No hay un GRUB exclusivo de una determinada distro.

Grub es un Gestor de Arranque para lanzar un determinado S.O., puede ser Win, Gentoo, Debian, Unix, u otro cualquiera, siempre y cuando la configuración pertinente sea la correcta.

Gentoo incorpora la versión 0,99 legacy estándar, eso no quiere decir que si se instala la versión GRUB2 funcione perfectamente si se tienen en cuenta ciertas consideraciones de enmascaramiento, para una instalación sin complicaciones tiene que emerger GRUB y luego redefinir el archivo /boot/grub/grub.conf con un editor de texto, por ejemplo con nano que es el predeterminado.

Saludetes  :Wink: 

----------

## quilosaq

Grub es un software especial por ser un gestor de arranque.
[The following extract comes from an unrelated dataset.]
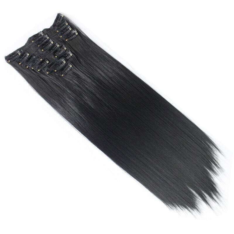 Clip in Hair Extensions Jet Black Straight 18" Full Head 8 Pcs 120g Synthetic

No tiene sentido tener instalado simultaneamente el paquete grub en Ubuntu y en Gentoo ya que las actualizaciones/configuraciones que se produzcan pueden sobreescribir los archivos del "otro" grub. Decídete por una de las 2, instala con ella el grub y quita el grub de la otra.

Ten en cuenta que posiblemente ahora tienes el Grub de Ubuntu y muy posiblemente sera GRUB2 mientras que la instalación de Gentoo te lleva a tener Grub Legacy. A pesar del nombre con esa versión se pueden hacer todas la cosas básicas para arrancar Linux y/o Windows.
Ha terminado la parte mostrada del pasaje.